Aging is a common phenomenon that is experienced by all human beings. It is a process where people become older. Moreover, aging is a process that takes place in animals and plants. There is biological explanation of the aging process. In aging, what happens is the decline of body cells. Understandably, there is substantial genetic influence on the aging process and scientists have also established the major factors behind it. This paper examines the existing evidence on genetic influence of the age-related cell decline and the major factors behind it.
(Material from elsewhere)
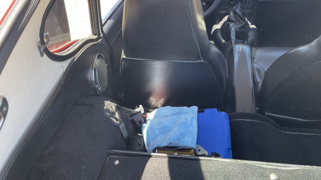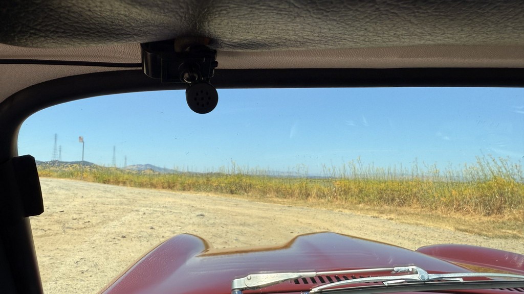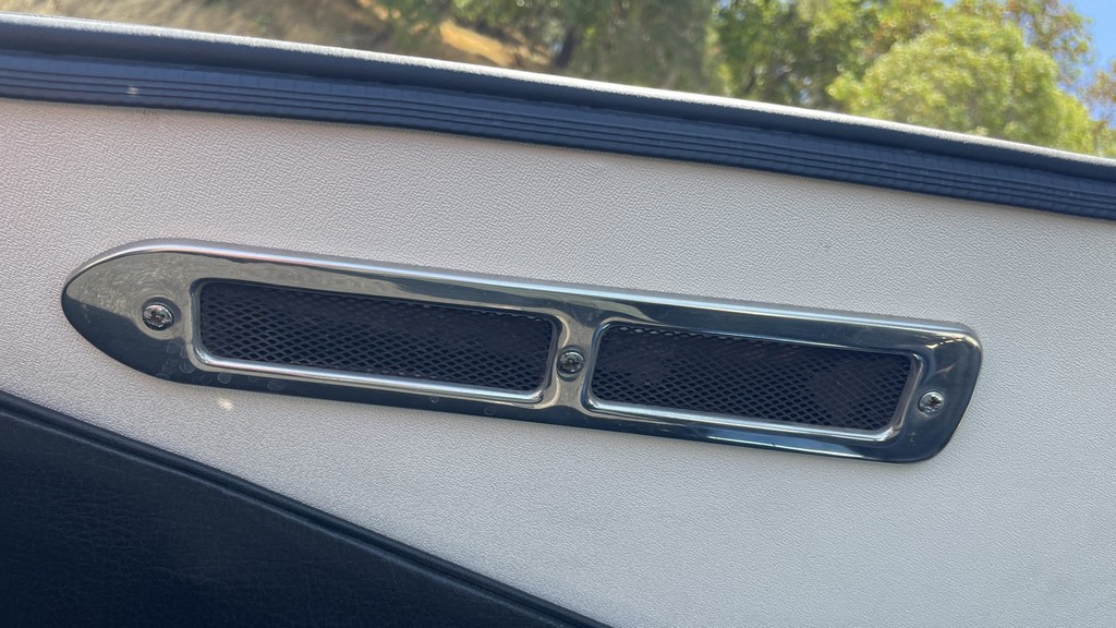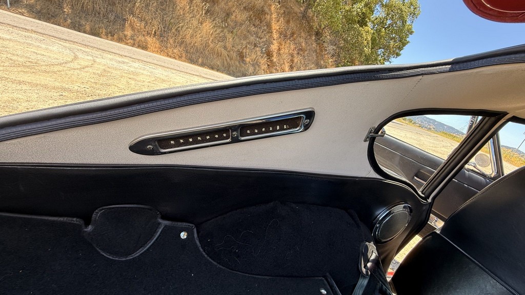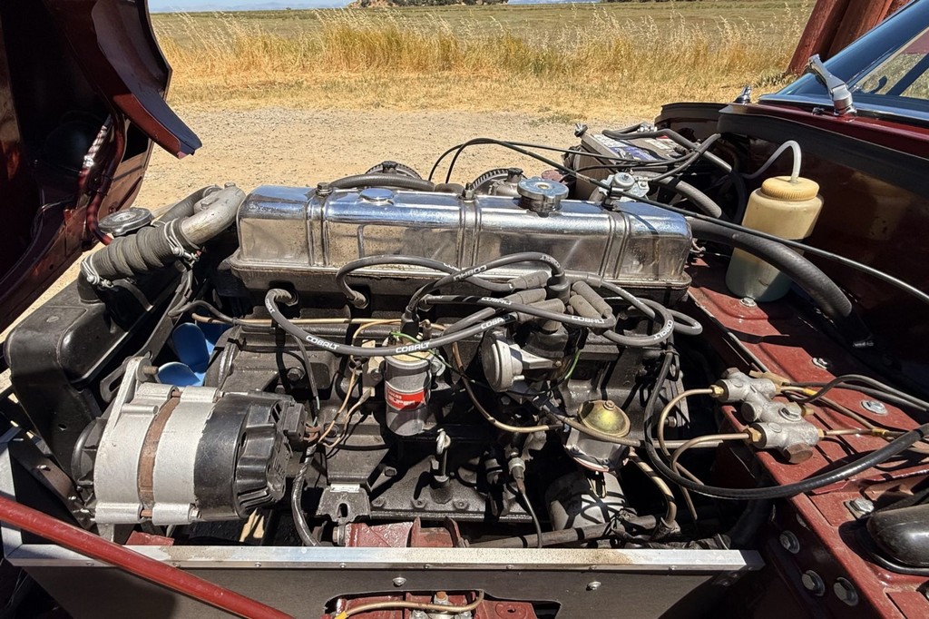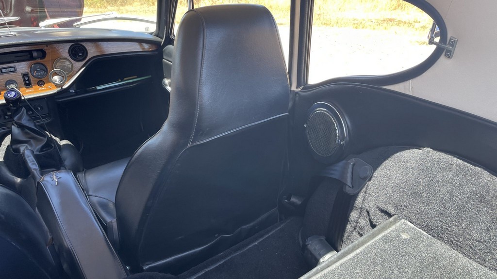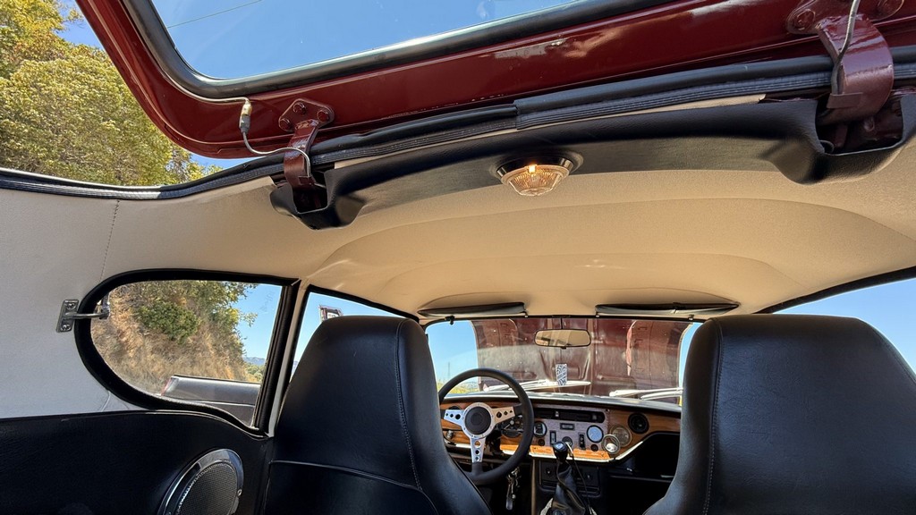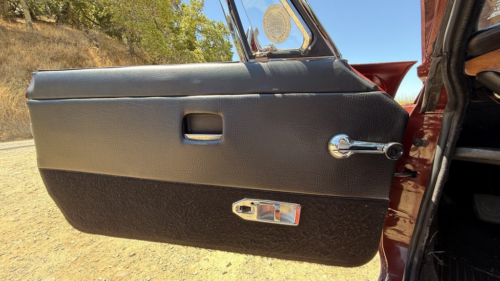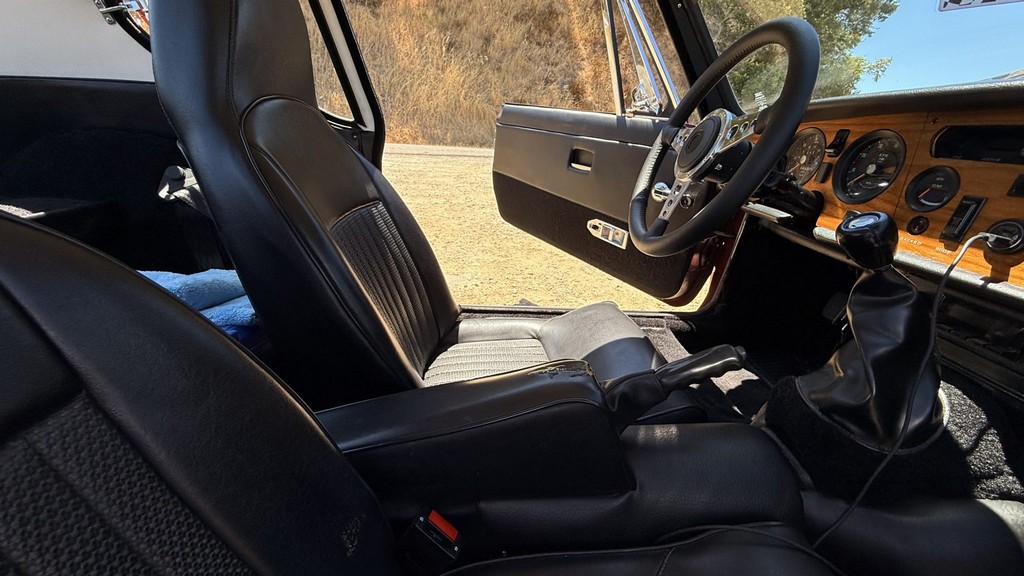Interior: Black vinyl upholstery with replacement walnut dashboard panel

Cycle of cell growth and replication
Explanation of the genetic influence on age-related cell decline is often based on the understanding of the cycle of cells growth and replication. The process in which cells grow and replicate is cyclic. It has got two main stages. There is the inter-phase process, where the cell grows and replicates DNA to enable cell division. It is important to understand that cell division is the process in which cells normally replicate and multiply in number (Rodríguez-Rodero, Fernández-Morera, Menéndez-Torre, Calvanese, Fernández & Fraga, 2011). The second phase is referred to as mitosis, where the real division of the cell into two daughter cells takes place. Figure 1 below is a summarized representation of the events, which normally happen during the cyclic process of cell growth and replication. This particular understanding is necessary as the premise for explaining the genetic influence on the age-related decline of cells as well as other factors in it.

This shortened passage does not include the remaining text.